What I took away from that was that my children have always been, always are, and always will be perfect in each moment. That doesn't mean I'll love their every behavior, nor that I don't expect change and growth, but at each moment they are exactly where they need to be, even even when they infuriate me most! That shift in viewpoint took the burden of approving of or even liking every moment. As a result I grew in patience and tolerance allowing them to "be" themselves--all I really need to do is steward them, to hold space for them as a safe container.
This shift continues to inform my parenting and even how I treat myself and others.
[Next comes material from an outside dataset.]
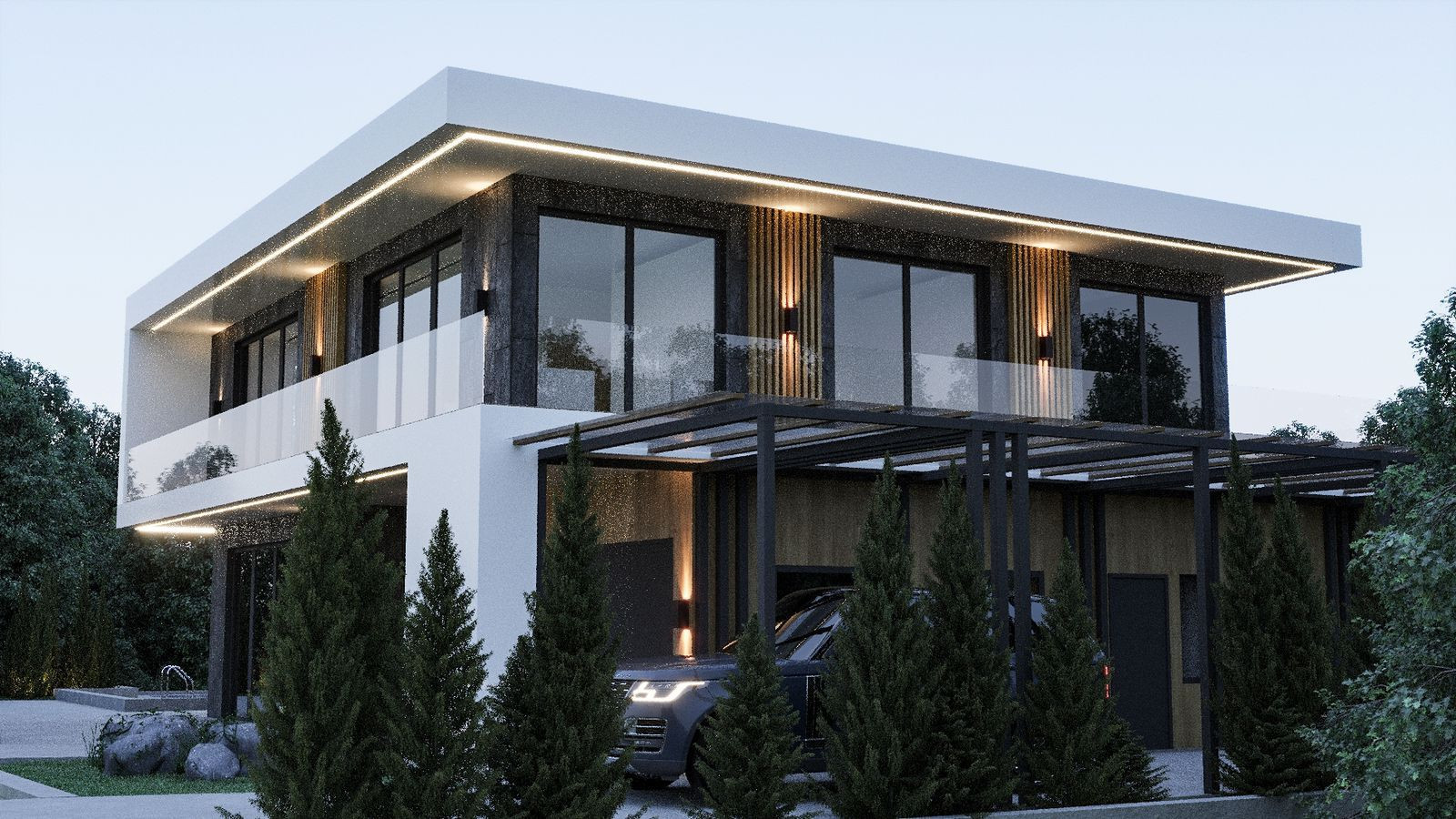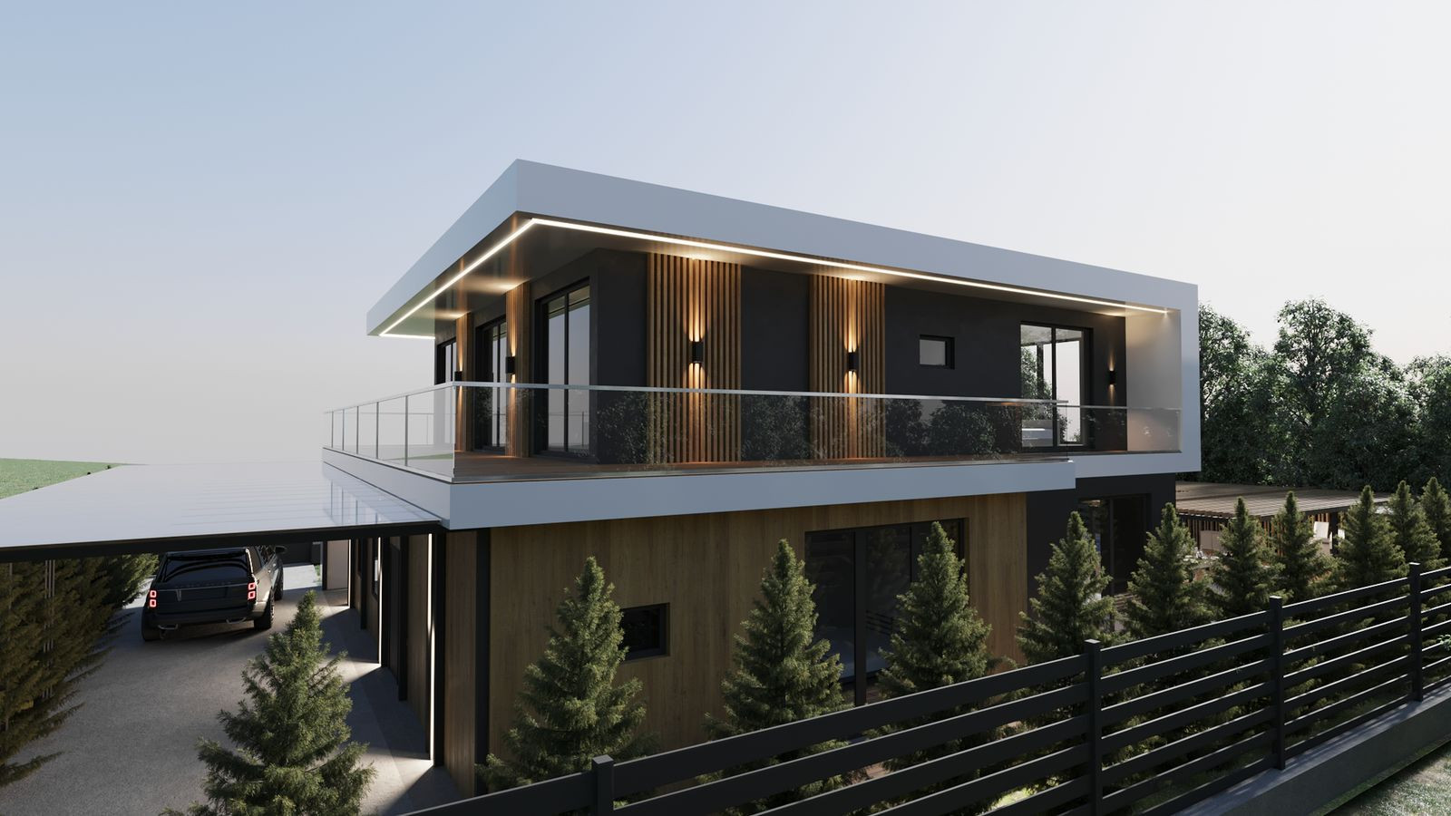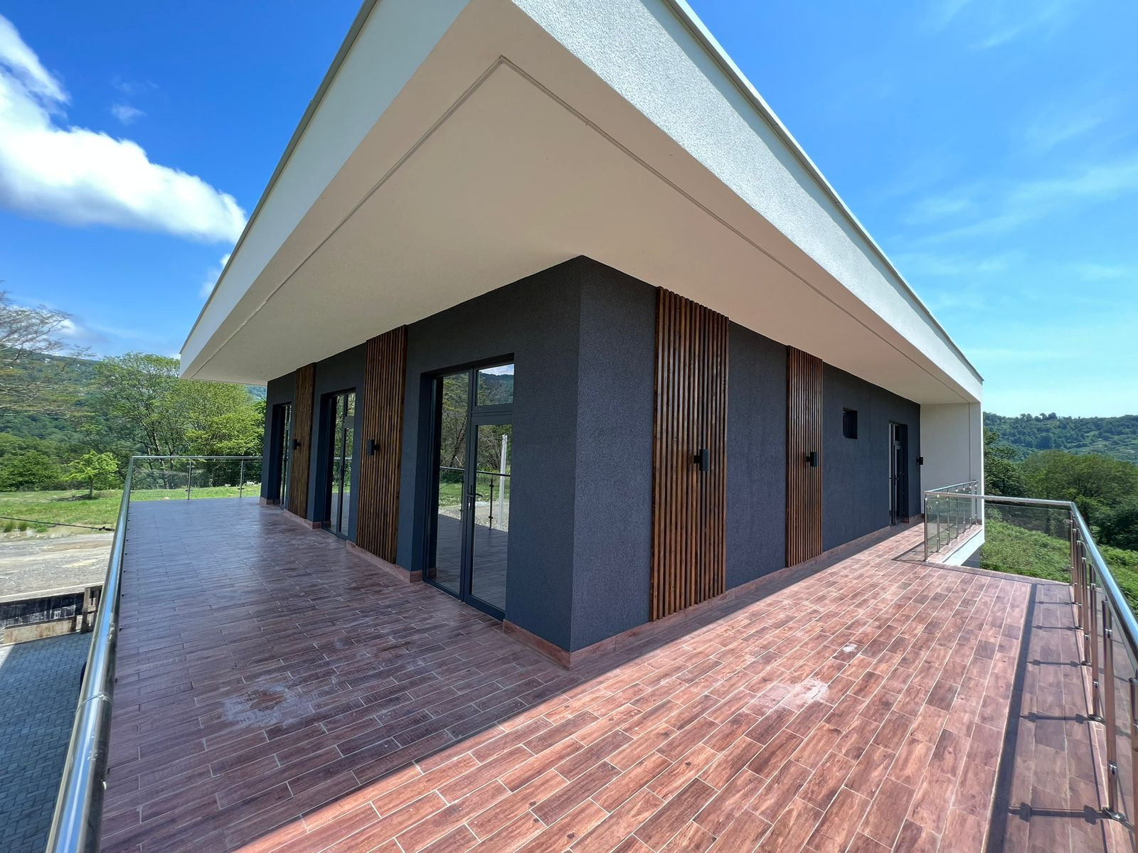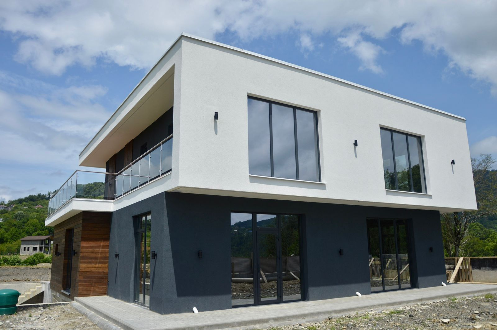 ✔️ Фасад декоративная штукатурка и планкен, фасадное освещение

I hope it might be useful to some of you, and that you'll enjoy the below work of brilliance.
Intermediary
For John A. and Arthur
By Pattiann Rogers
This is what I ask: that if they must be taken
They be taken like the threads of the cotton grass
Are taken by the summer wind, excited and dizzy
And safe, flying inside their own seeds;
And if they must be lost that they be lost
Like leaves of the water starwort
Are lost, submerged and rising over and over
In the slow-rooted current by the bank.
I ask that they always be found
With the same sure and easy touch
The early morning stillness uses to find itself
In needles of dew on each hyssop in the ditch.
And may they see everything the boatman bug,
Shining inside its bubble of air, sees
Through silver skin in the pond-bottom mud,
And may they be obliged in the same way the orb snail,
Sucking on sedges in shallow water, is obliged.
And may they be promised everything a single blade
Of sweet flag, kept by the grip of the elmid
On its stem, kept by the surrounding call
Of the cinnamon teal, kept by its line
In the marsh-filled sky, is promised.
Outloud, in public and in writing, I ask again
That solace come to them like sun comes
To the egg of the longspur, penetrating the shell,
Settling warmth inside the potential heart
And beginnings of bone. And I ask that they remember
Their grace in the same way the fetal bird remembers light
Inside the blackness of its gathering skull inside
The cave of its egg.
And with the same attention a streamer of ice
Moving with the moon commands, with the same decision
The grassland plovers declare as they rise
From the hayfields into the evening sky,
I ask that these pleas of mine arrest the notice
Of all those angels already possessing a lasting love
For fine and dauntless boys like mine.